04 October 2010

My Escape

I can't seem to think of anything to write. I always feel a little better after sharing my thoughts here, I but I feel stymied, a mental block. I have been reading a lot more lately. I understand why Josh plays video games, I always have. But now so more then ever. I read, and I enjoy to read as a means of escape. My mind can concentrate on the story, and I don't have a chance to wander into my swampy thoughts. If I could, I would have a room in my house dedicated to reading. I suppose they would call that room a library. I want floor to ceiling bookcases, brimmed to the edges with books. And an over sized comfy chair, with a well placed window for just enough natural light to stream in. I love that. I just wish I wouldn't read through books so fast. I drink up a novel like a thirsty man chugs a glass of ice water. Before I am prepared, the book is over. I need to take a trip to Half priced Books sometime soon. I have been thinking about getting a Kindle, I like the idea of the accessibility for obtaining new books. You hear about a book that you would like to read, and in minutes, with the convenience of staying at home, there it is. But there is just something special about books, the smell, the feel. I don't know if I would want to give that up.
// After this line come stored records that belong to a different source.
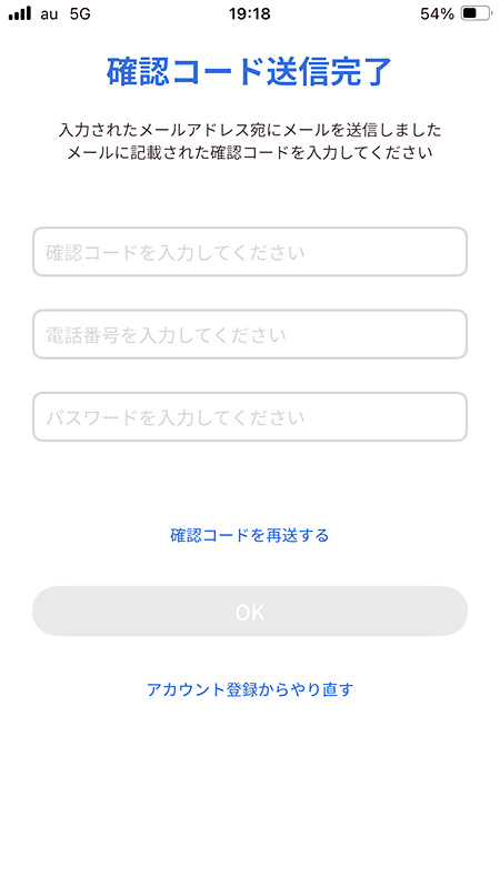 確認コード・電話番号・パスワードの入力が終わりましたら、OKボタンを押してください!
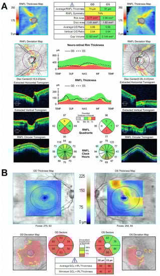 Optic nerve and retinal photography by OCT demonstrating vertical optic nerve atrophy with associated thinning in the retinal ganglion cell layer. SD−OCT of the peripapillary and central retina in the WDR36-positive patient. (A) SD−OCT of the peripapillary retina in the patient. Sides (left and right columns) are plots of the topography of the peripapillary RNFL thickness as raw thickness values (top row) and as deviation maps (second row) compared to a normative database for the right (left panels) and left (right panels) eyes of the patient. The bottom three rows of panels below are horizontal (top) and vertical (middle) cross-sections SD−OCT scans through the optic nerve, as well as circular scans cross-sectional tomograms around the optic nerve. The middle column is summary parameters. (B) SD−OCT of the central and pericentral retina in the patient. Top panels are topographic maps of the GCL thickness (there are segmentation artifacts shown as localized thickened GCL in the left eye). Bottom panels are GCL thickness summary parameters compared to a normal distribution database.
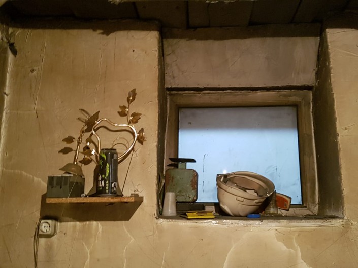В угольной пылятся подсвечник, весы и строительная каска.
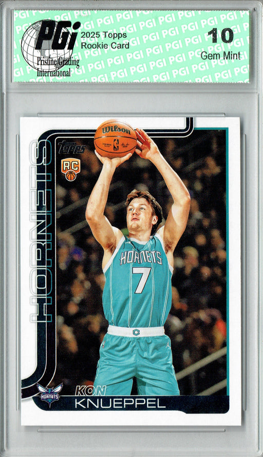 Gorgeous 2025 Topps rookie card of breakout star, Kon Knueppel of the Charlotte Hornets. This card has been graded by Pristine Grading Internationa...
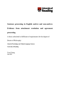 Cheng, Y. (2021) Sentence processing in English natives and non-natives: evidence from attachment resolution and agreement processing. PhD thesis, University of Reading. doi: 10.48683/1926.00104897
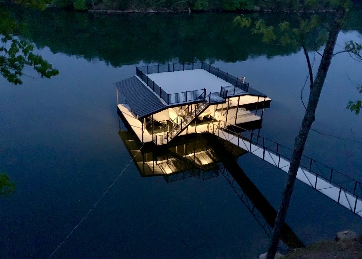 Step outside to enjoy full-length porches on both the main and lower levels,offering uninterrupted lake views thanks to protected state park land directly across the water.Situated in a large cove within a no-wake zone,the property provides added privacy,safety,and dock stability.
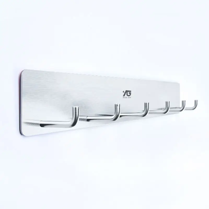 Bathroom Kitchen Office Stainless Steel Strong Viscose Self Adhesive Installation Row Hooks Key Rack Towel Hanger Wall Mount
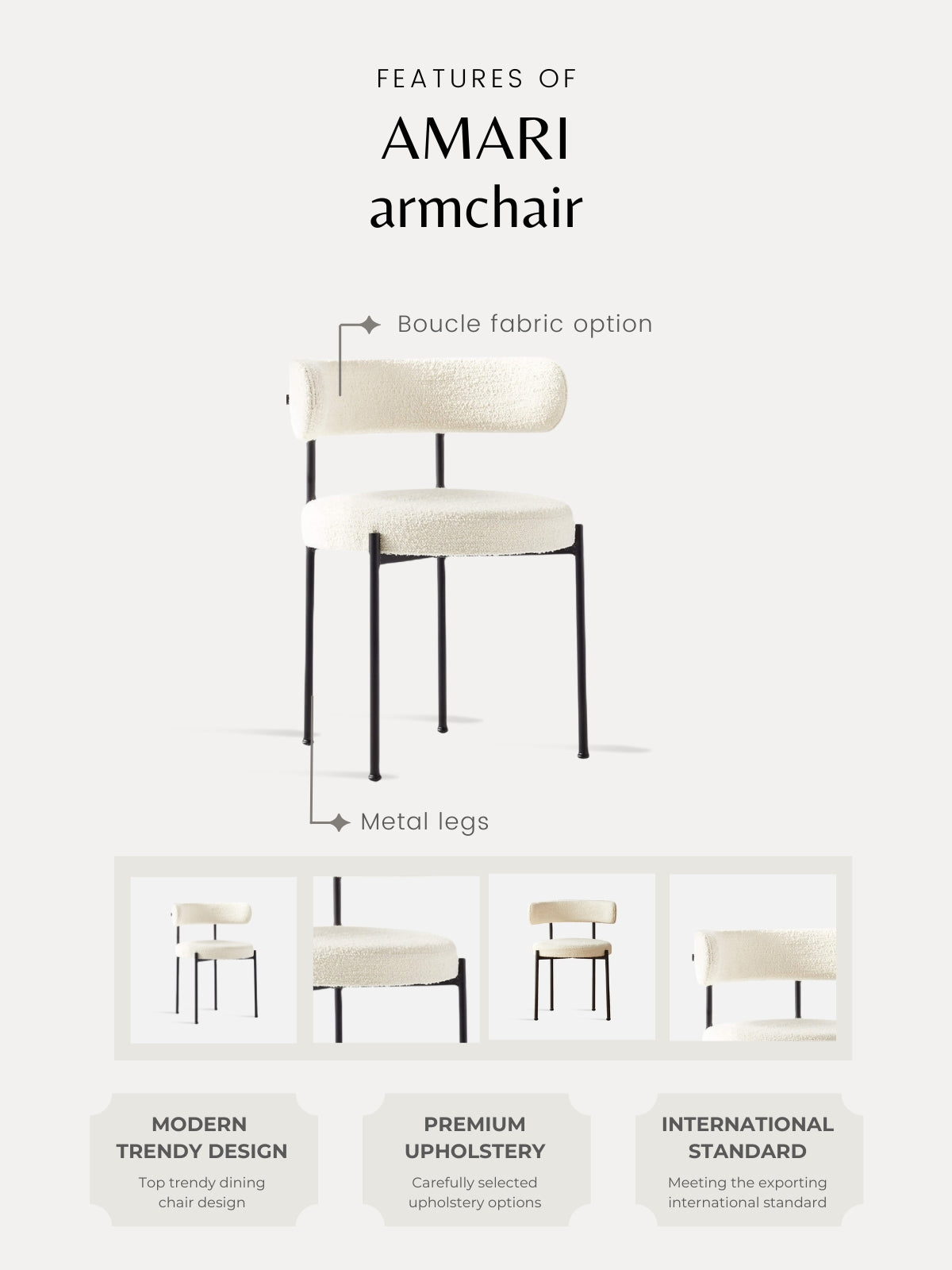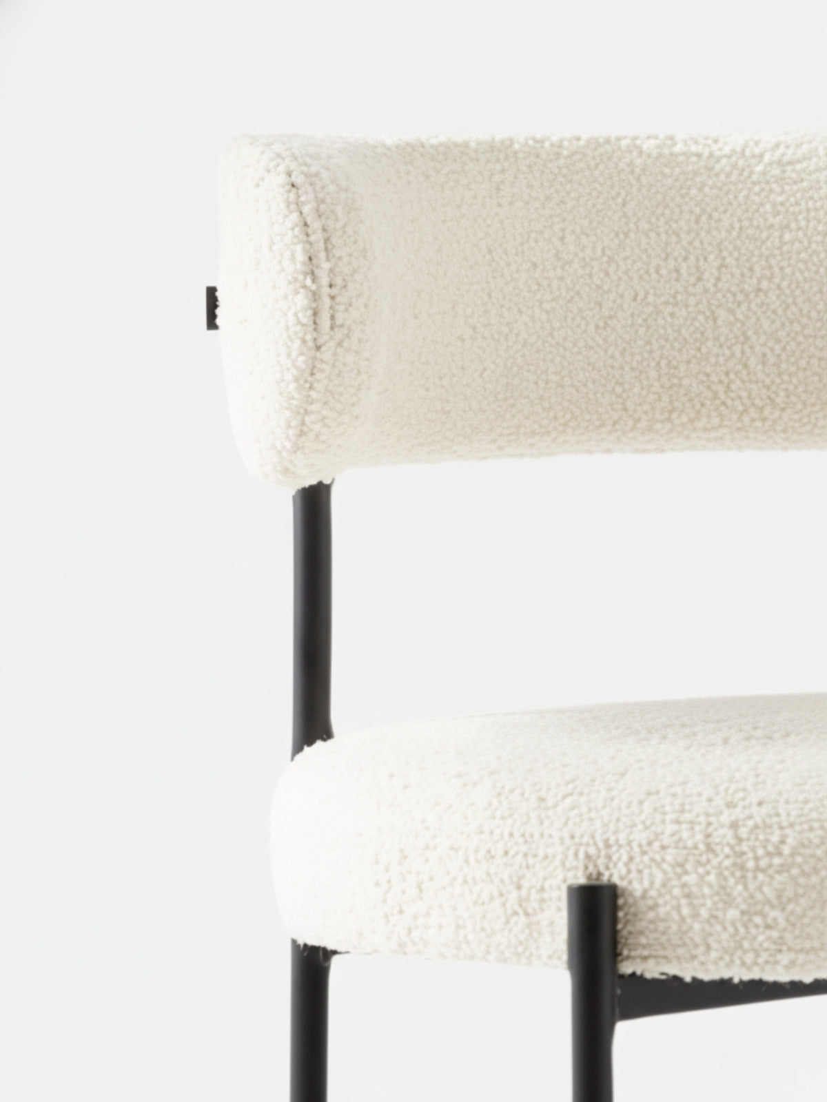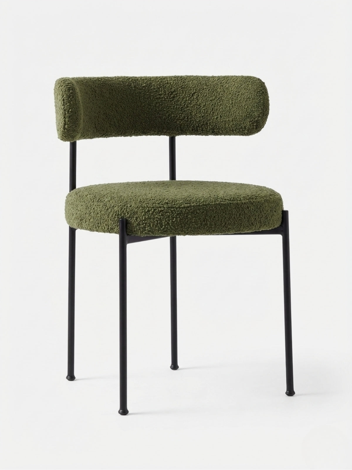 The softly curved backrest offers ergonomic support, while the seat is upholstered in premium Bouclé fabric and generously filled with silk cotton and high-resilience sponge. Its slim metal legs, crafted from seamlessly welded steel, are finished with high-temperature electrostatic powder coating—ensuring long-lasting durability and a sleek matte look. The seat structure is built with durable multi-layer solid wood panels for everyday strength. A timeless piece crafted for modern dining.

I have been trying to get an appointment with a counselor. I can't even seem to do that. I have called several, and I have received no phone calls back. I just leave messages. When I called one back again, she said she didn't take my insurance. I was a bit put off by her dismissal in her voice. Its a bit disappointing, and one would think that in their profession, some delicate people are reaching out for help. Um, is it good to not call back and have that person face more disappointment? I'm just saying. It takes a lot for me to get the nerve to call, and then when nothing seems to be working out, it makes me want to just give it up. I looked online today and came across another woman who looked nice. Yes, I just want someone who looks pleasant, she reminded me of Paula Dean, so it felt right. I called her and left a message.

Josh started his new job today, and I can't stop from feeling nervous for him. I just want him to be happy, and have everything work out.
I feel so tired today. I took a shower at least, that is good. And with no where to go, even better, yay for me.

Every time I drop Tommy off at school, he tears up and tries not to cry. When I ask him why, he says that he will miss me. I tell him I love him and will miss him too, but he will have such a wonderful time at school, he will have so much fun. And he does. When I pick him up, he is happy and in a good mood. I thank God for that little boy everyday. He is such bright spot for me, and I am so lucky to have him. Even when he annoys me beyond understanding, repeats the same question 30 times, and doesn't listen to what I say. I still adore him. I just love to stare at him, and squeeze him, hug him, read to him, tickle him.

Lately I keep wondering what Riley would have been like. I can picture him a little older, more awareness in his eyes. I wonder what his personality would have been like. I am sad that Tommy doesn't have a little brother anymore. Tommy was such a sweetheart with Riley.

Well, I found a couple of other books I can read, until I make a trip to the bookstore. That should last for a few hours. Back to my escape.